He shouted, “You could have forged that note.”

“What about the letters you wrote to her? What about the one that starts ‘Sweetest Suzi’, or the last one that called her a ‘conniving blackmailing bitch.’ They were even harder to read.”

His face went white and he snarled, “You wanted it as much as me, bitch. You led me on, telling me that I was your man. It wasn’t my fault you couldn’t take a real man!”

He turned on his heel and went to the door that would take him to the hallway. I stood trembling until I heard the roar of his car heading down the drive.

As I stood I felt arms around me and was enveloped in a hug from a crying Albert.

“Oh, my baby” he sobbed “I thought that something had happened but I didn’t know it was his fault.”

“You heard, then?” and he held me tighter.

“Yes I heard it all. I find it difficult to think that he’s a son of mine. Do you still have those papers?”

“No, I burned them all but he doesn’t know that.”

He kissed my forehead, “Good!”

Part 15 I Walk the Line

We went into the kitchen where a glass and a bottle stood. He must have just stopped and come to listen.

He put the bottle and glass away and filled a kettle, pulling a couple of mugs from the shelf.

“Nice cup of coffee, I think,” he said, “Good for thinking with.”

While the water was coming to the boil he called the eldest son and asked him to come to the house as soon as he could and bring his wife with him.

We were just sitting with our empty mugs in front of us when they arrived, having not said a word in that time. You could almost see his brain working.

When his son and wife arrived we all went into the parlour where he poured a stiff drink and put it in his son’s hand, “Have this ready, you’re going to need it.”

He then related what had transpired and was able to remember the discussion almost verbatim.

The older son was getting madder as he heard what his sibling had done and I could see his wife weeping.

I just sat and looked at the floor; I had started this by just wanting to warn the younger brother off, not expecting that he would hang himself on his own words.

At the end of Alberts’ speech my nice brother came over to me and knelt by my chair to hold me in his arms, “I apologise, Samantha, for not being there when my sister needed me.

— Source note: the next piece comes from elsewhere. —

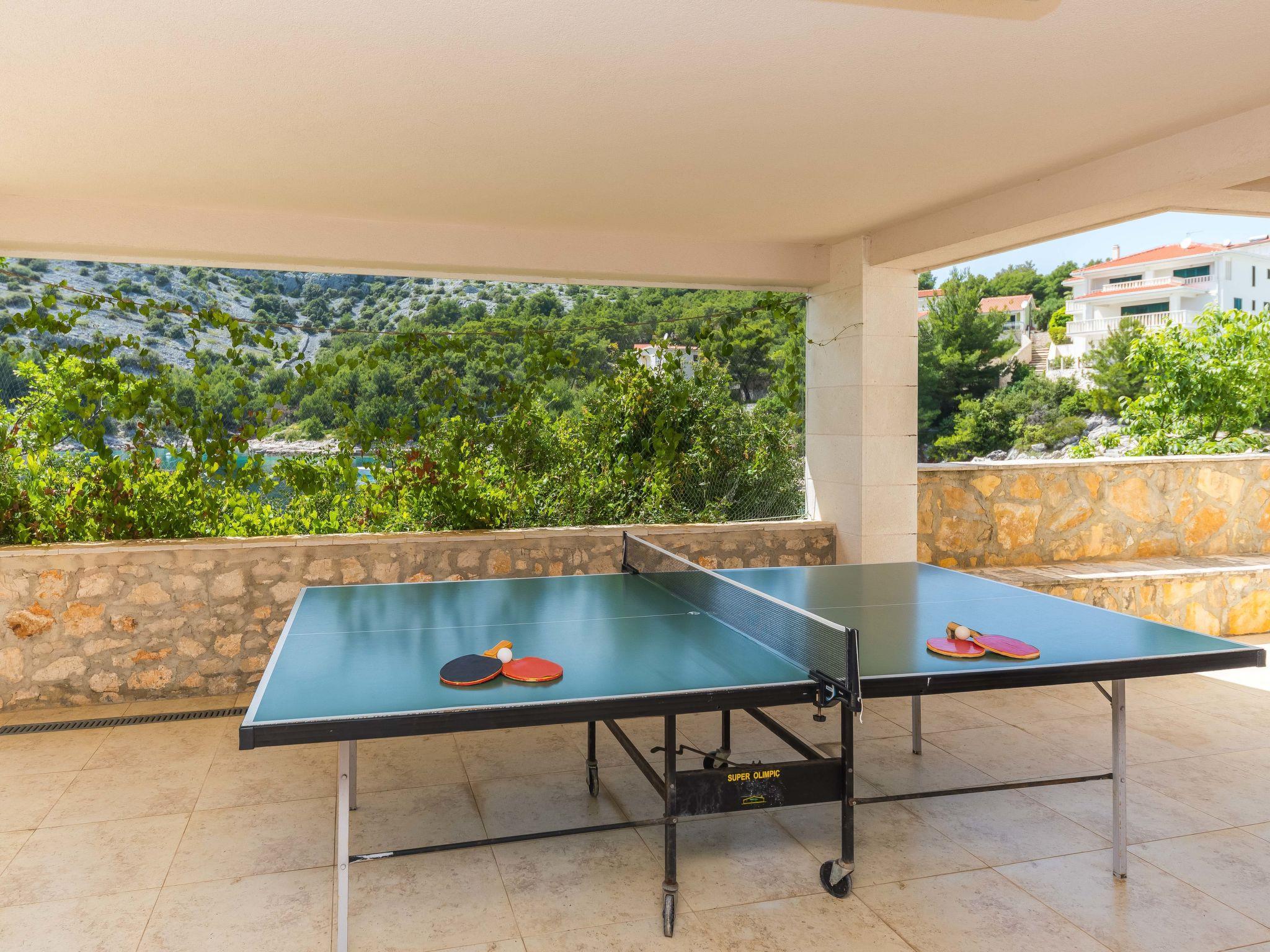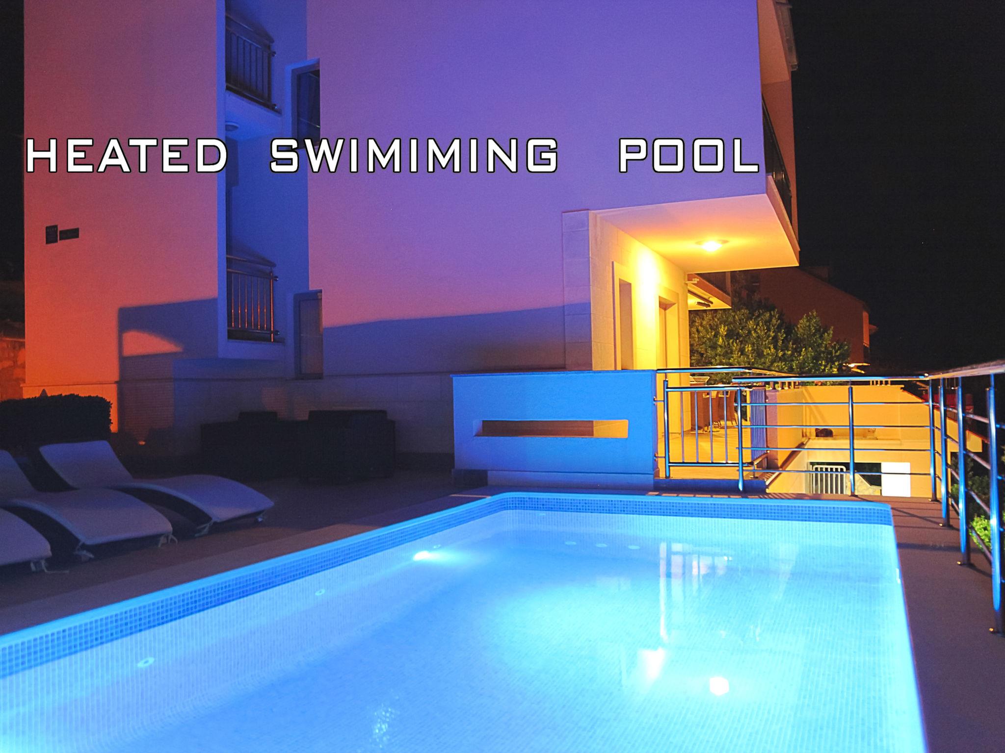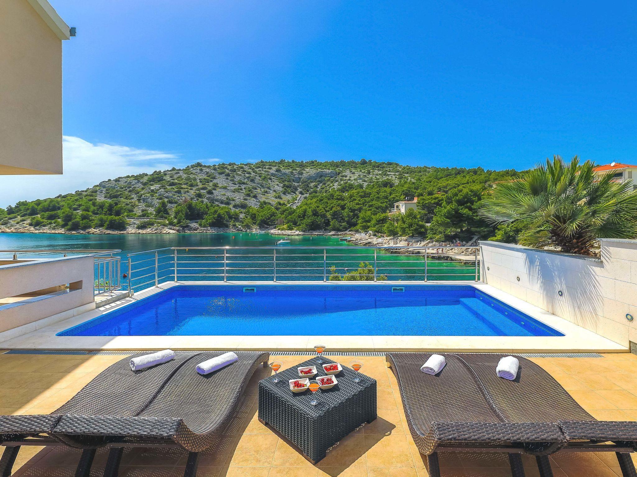 Ražanj 10 km from Rogoznica: Beautiful single-family house "Villa Silvana", 3 storeys. In a quiet, sunny position, at the seaside, on the beach, direct access to the beach. Private: property 300 m2 (fenced), terraced garden, swimming pool angular, heated (8 x 3 m, depth 100 - 180 cm, seasonal availability: 01.Jan. - 31.Dec.). Barbecue. In the house: internet access. Roofed, parking at the house on the premises. Shop, restaurant 500 m, bus stop 6.1 km, rocky beach 10 m.

I was in university at the time and was preoccupied with exams. Nothing was said to me at the time but I remember my mother going away with Susan for a while because she sent me a postcard. I remember the card particularly because she put, ‘Wish you were there’ instead if ‘Wish you were here’ and it looked odd.”

Albert then announced, “I’ve been thinking since I heard his little tirade. He always wanted this house and he’ll not get it, not now. I’m going to see my lawyers tomorrow and take him out of my will. My estate will go to the two of you with Samantha getting the house and you getting extra cash to even it out. I know that you’re happy where you now are so that shouldn’t be a problem, should it?”

My brother looked at me, “As long as I’m welcome here, it will be perfect.”

The discussion then turned to the business and the decision was to wait until we knew what his actions would be after tonight and then react in an appropriate manner without bringing the family issue into it.

We all then had a stiff drink to settle our nerves before everyone headed for their own beds. Next day there was a letter addressed to the MD and CEO at reception which was the resignation letter, effective immediately.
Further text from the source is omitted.